# Purchasing makeup from eBay



## IselinHB (Nov 6, 2012)

What do you think about purhasing makeup from eBay? Bad/good experiences? Sorry if I placed this wrong, I'm new here and feel kind of lost. I want to buy makeup from eBay because it's so cheap, but i'm afraid its gonna be broken or used, or that i dont get it at all.


----------



## sleepykat (Nov 6, 2012)

I am not sure about other brands, but I would recommend not buying MAC off of Ebay. It is mostly fake, and really hard to tell if it's not.


----------



## cosmia (Nov 6, 2012)

I've bought perfume samples in the past that were fine but I've read so many horror stories about knock off makeup that I wouldn't risk it.
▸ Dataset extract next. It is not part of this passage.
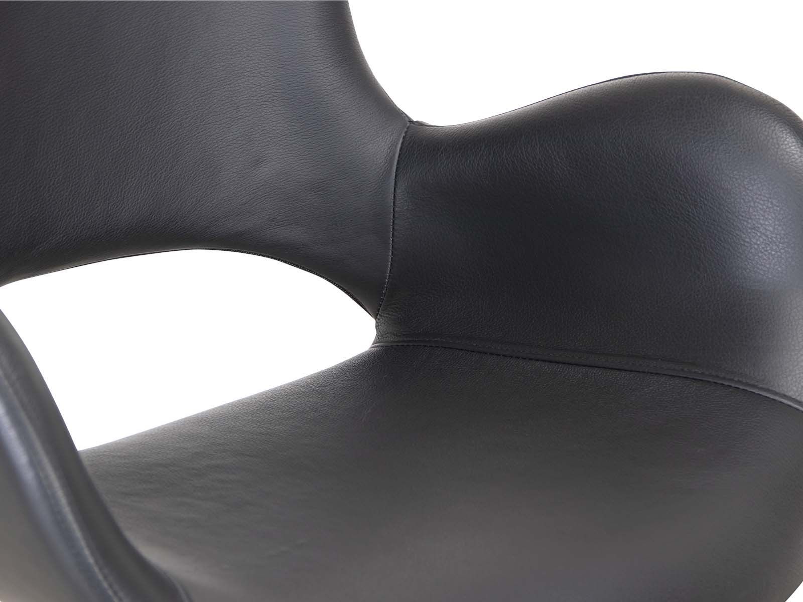 Den runde ryg og det ergonomiske design sikrer en komfortabel siddeoplevelse, selv ved længerevarende brug. Det sorte stel tilføjer en moderne kontrast til læderets naturlige varme og gør stolen let at integrere i enhver indretningsstil – fra minimalistisk og moderne til klassisk og tidløs.

I think it really depends on the seller you're buying from and the description (is the photo a stock photo vs a real photo).


----------



## americanclassic (Nov 8, 2012)

Avoid brand-name items that are sure to have tons of counterfeits, and always buy from sellers with like, 99% positive reviews.

I've only ever purchased one makeup item on ebay--it was a Smashbox eyeliner from an old holiday set I used up and wanted to buy more of. Product was authentic, in perfect condition, etc--but I doubt there are fake Smashbox items on ebay lol.


----------